После обеда я несколько с нею разговаривал с великой учтивостью и, сколько мог приметил, что и я ей показался не противен. И так, просидевши она у сестры до самого вечера, поехала домой.

По отъезде ее тетка моя Маргарита и сестра Люция спрашивали меня, какова мне показалась Елизабета. Я им отвечал, что она мне не противна, только я, не имея еще никакого чина, жениться не намерен, и с тем от них поехал.

После сего, когда бывал я во дворце, то ни с кем столько не танцевал, как с нею, – не для того чтоб я ее очень любил, но потому, что она лучше других танцевала. А отец ее с того времени стал ко мне ласкаться и всегда со мною разговаривал.

В один день тетка моя, будучи у Елизабетиной матери в гостях и увидевши Елизабету, говорила ее матери:

– Ах, как вам должно благодарить богов за такое дарованное вам сокровище!

– Это правда, – отвечала Елизабетина мать, – да уже и невеста. Пожалуй, не знаешь ли где для нее хорошего жениха?

– Ах, мать моя, – говорила моя тетка, – ежели вам угодно, я тотчас вам объявлю, да и не суженого, а своего племянника Георга.

– Ах, какой предорогой молодец! – говорила Елизабетина мать. – Дочь бы моя очень была счастлива, если б могла быть его женою, только я думаю, что он ее не возьмет.

– А для чего сударыня? – отвечала ей Маргарита. – Мы с Люцией несколько раз говорили ему о женитьбе, и он только тем отговаривается, что не имеет еще никакого чина, а дочь вашу он почитает за первую красавицу во всем Лондоне.

К сим разговорам пристал и отец Елизабетин, и говорил им, что он меня довольно знает, да и король из всех молодых милордов признает меня за первого, и вчера вечером его Величество изволил говорить, что он намерен взять меня ко двору, только еще не известно, окончил ли я свои науки, чтоб чрез то не сделать в оных помешательства.

После сих разговоров Елизабетин отец принял совершенное намерение дочь свою за меня сватать, и на другой день, будучи во дворце, избрав свободное время, докладывал королю следующими словами:

– Ваше Величество, вчерашнего вечера была у меня гостья и сватала мою дочь за милорда Георга, Иримова сына, только он отговаривается тем, что не имеет еще никакого чина, и за тем жениться не намерен, а дочь моя ему понравилась.

– Что ж ты думаешь? – говорил король.

– Ваше Величество, – отвечал Елизабетин отец, – я бы никакого больше счастья к благополучию моей дочери не желал, ежели б только могло сие исполниться.

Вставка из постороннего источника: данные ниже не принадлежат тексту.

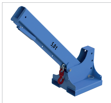
KTH-K at an elevated working height
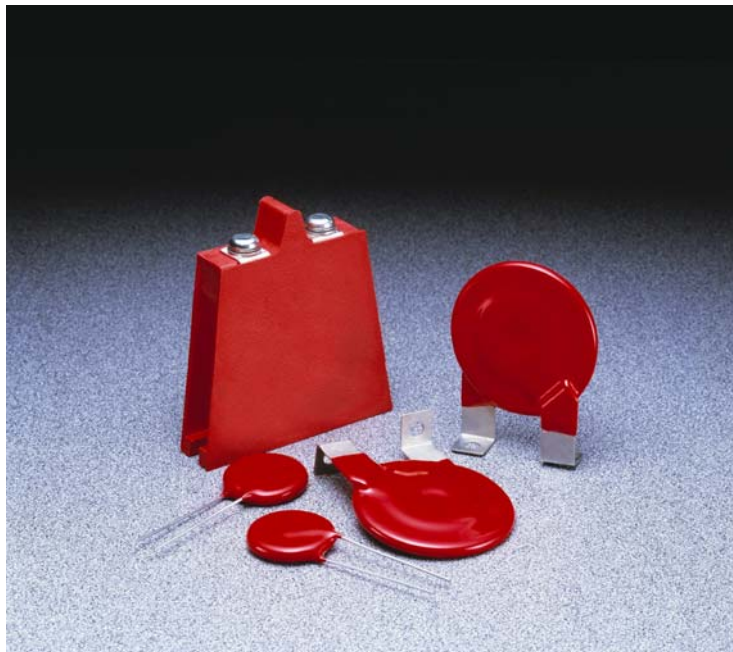
Figure 1 – Various MOV Packages available

While common disc sizes range from 5mm to 60mm, for the purpose of this discussion, a large MOV is defined as one incorporating a 32mm, 34mm square, or 40mm disc (Figure 1). A small varistor is defined as a 14 or 20mm disc since these are usually the smallest practical size for most commercial AC Mains equipment. A first-order comparison of these disc sizes is made in Table 2 for the 250VAC (RMS) working voltage types.
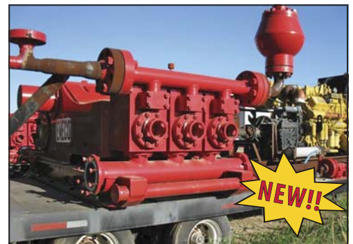
(2) ELLIS WILLIAMS PUMPS
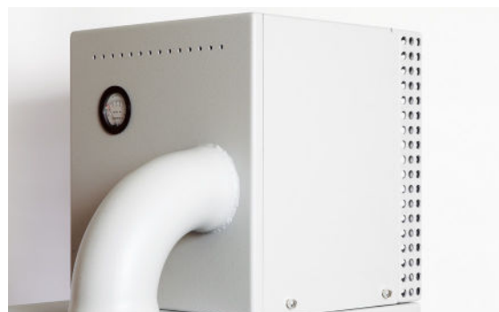
Local Exhaust Module

The 100X can be supplied with an optional local exhaust module to filter all aerosol exhaust when facility exhaust ducting is not available. The local exhaust module is designed with a convenient differential pressure gauge to help determine when to replace the internal HEPA filter.
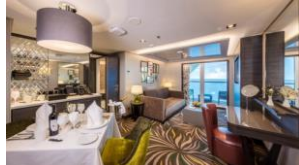
Palace Penthouse 皇宫行政套房

– Я тебе советую, – сказал король, – не упускать сего случая, ибо сей человек очень достойный, и я со временем надеюсь от него ожидать пользы государству. Будь уверен и ни о чем не думай, я тебе в том буду вспомоществовать.

Чрез несколько после сего дней, в празднество королевской коронации, будучи я во дворце на бале и ничего о сем не ведая, танцевал по-прежнему с Елизабетою. Король, подошед к нам, очень близко смотрел на наши танцы, а как менуэт кончился, то я пошел было прочь, но король, взяв меня за руку и выведя в другую комнату, говорил:

– Знаешь ли ты, милорд, с кем танцевал?

– Очень знаю, Ваше Величество, – отвечал я королю, – это Вашего Величества обер-гофмаршала дочь Елизабета.

– Как же ты о ней думаешь? – говорил король.

Я отвечал королю, что я ничего другого о ней думать не могу, как только, что она девица честная и одаренная всеми достоинствами.

– Я желаю, – продолжал король, – чтоб она была твоя невеста.

– Это состоит во власти Вашего Величества, – отвечал я королю. – И хотя я не инако сие должен почитать, как за высочайшую вашу ко мне милость, только приемлю смелость Вашему Величеству доложить, что мне еще в таких ребяческих летах, не показав Вашему Величеству никаких услуг, жениться рано.